I want to begin with the premise that literature is the data of literary studies. The OED tells us that the term “data,” from classical Latin, refers to “an item of information” and to “related items of (chiefly numerical) information considered collectively, typically obtained by scientific work and used for reference, analysis or calculation.”
To say literature is the data of literary studies, then, is to understand it, first, as something given or obtained for analysis and, second, as something made the basis of reasoning. Although these two understandings are often entwined, I want to draw a bolder line between reasoning and analyzing. I wonder about the potential payoff of considering literature to be data in one sense (as that which forms the basis of reasoning) yet not in the other (as that which we analyze). What would happen if literature were understood to constitute the ground for thinking without being itself the primary object of analysis?

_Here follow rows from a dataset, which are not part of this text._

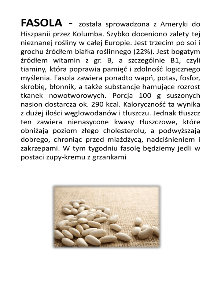 FASOLA - została sprowadzona z Ameryki do Hiszpanii przez Kolumba. Szybko doceniono zalety tej nieznanej rośliny w całej Europie. Jest trzecim po soi i grochu źródłem białka roślinnego (22%). Jest bogatym źródłem witamin z gr. B, a szczególnie B1, czyli tiaminy, która poprawia pamięć i zdolność logicznego myślenia. Fasola zawiera ponadto wapń, potas, fosfor, skrobię, błonnik, a także substancje hamujące rozrost tkanek nowotworowych. Porcja 100 g suszonych nasion dostarcza ok. 290 kcal. Kaloryczność ta wynika z dużej ilości węglowodanów i tłuszczu. Jednak tłuszcz ten zawiera nienasycone kwasy tłuszczowe, które obniżają poziom złego cholesterolu, a podwyższają dobrego, chroniąc przed miażdżycą, nadciśnieniem i zakrzepami. W tym tygodniu fasolę będziemy jedli w postaci zupy-kremu z grzankami
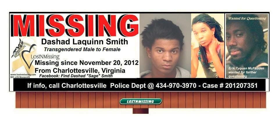 On November 20, 2012, Sage was last seen near West Main Street in Charlottesville.
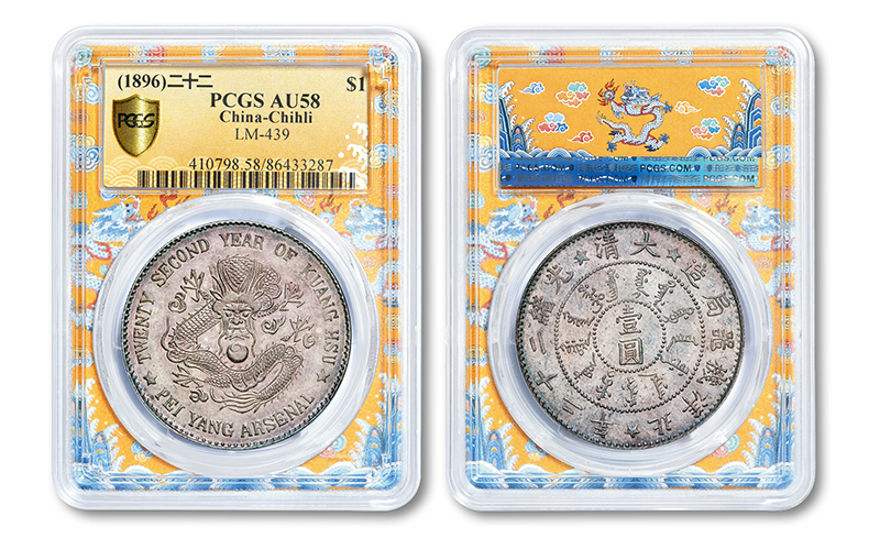 光緒二十二年北洋機器(qì)局造壹圓銀币一枚,Y-65/LM-439,是中國最早以“圓”為(wèi)币值的流通(tōng)銀币,鑄行(xíng)時(shí)間(jiān)短(duǎn)暫,存世極為(wèi)稀少(shǎo);拍品鋼模初打,重壓之下底版細膩絲滑,鏡面感強烈,其上(shàng)滿漢文字峻拔分明(míng),背龍圖須發絲縷畢現,鱗片豐潤飽滿,完好底版無版裂、無戳印,折射出的紫羅蘭色彩光,賞心悅目,宛俱樣币風範;作(zuò)為(wèi)北洋系列流通(tōng)币最為(wèi)珍罕的名品,如此保存狀态可(kě)謂難能可(kě)貴,必将受到實力藏家(jiā)的高(gāo)度關注,珍罕之至,征集自國內(nèi)資深藏家(jiā),PCGS AU58

This question was prompted for me by this panel and by recent work at the intersection of sociology and literary studies. I am thinking of scholars such as Rita Felski and Heather Love who have found the work of sociologists like Bruno Latour and Erving Goffman to be methodologically provocative.
Across the disciplinary divide, I want to receive Latour’s engagement with the literary as a challenge to think of literature as data in the broadest sense—as not merely something given or obtained for analysis but as something that constitutes the basis for reasoned inquiry into the philosophical and sociological questions that matter to us. I want to read literature, in other words, as both a primary source and a conceptual resource.